No dog breed is easier to train over another, but...dogs, like people, are more motivated by some things more than others. If you know the motivator, training is easy regardless of breed.


----------



## lisaj1354 (Feb 23, 2008)

Thats quite a range of breeds and sizes. What other than hypoallergenic do you want in a dog?


----------



## w8ing4rain (Sep 4, 2008)

Another thing to keep in mind if you have a lot of allergies is that you can also be allergic to stuff the dog brings in. I am not allergic to my dog but in the spring and summer she collects a lot of pollen and such in her hair.

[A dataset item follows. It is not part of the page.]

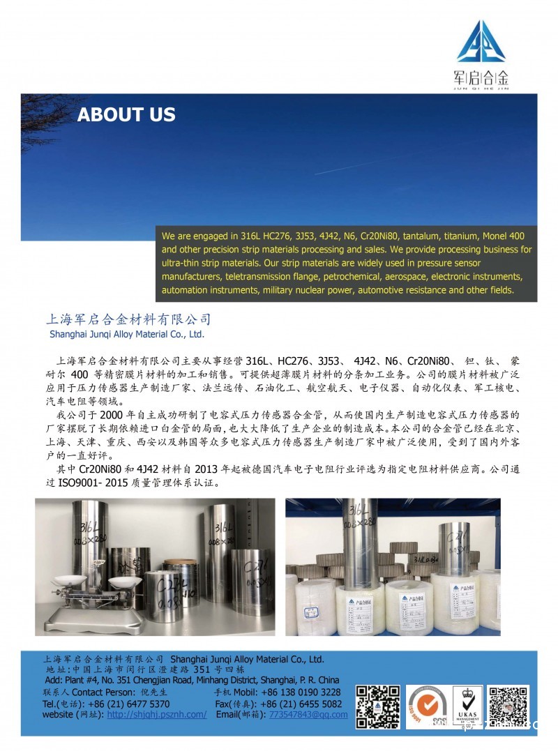 哈氏合金_帶材鉭膜片_傳感器合金管_蒙耐爾_Cr20Ni80 4J42 1J85_ 鎳等高溫合金_耐蝕合金精密合金-上海軍啟合金材料有限公司

A bath cures the allergy but you don't want to be bathing your dog everyday.


----------



## hanksimon (Mar 18, 2009)

Look up Bichon Frise...it has lots of pertinent qualities.


----------



## WolfyNeiviv (Apr 24, 2011)

I am completely biased ... from my first Shih Tzu to my current Maltese/Tzu I fell in love. 
They are extremely smart but Tzus can be overly stubborn.

If you want a smaller dog - a lap dog, inside house dog type, I totally recommend a Shih Tzu or Maltese or a cross. 

lisaj1354 brings up a great point - aside from being hypoallergenic, what else are you looking for in a dog?


----------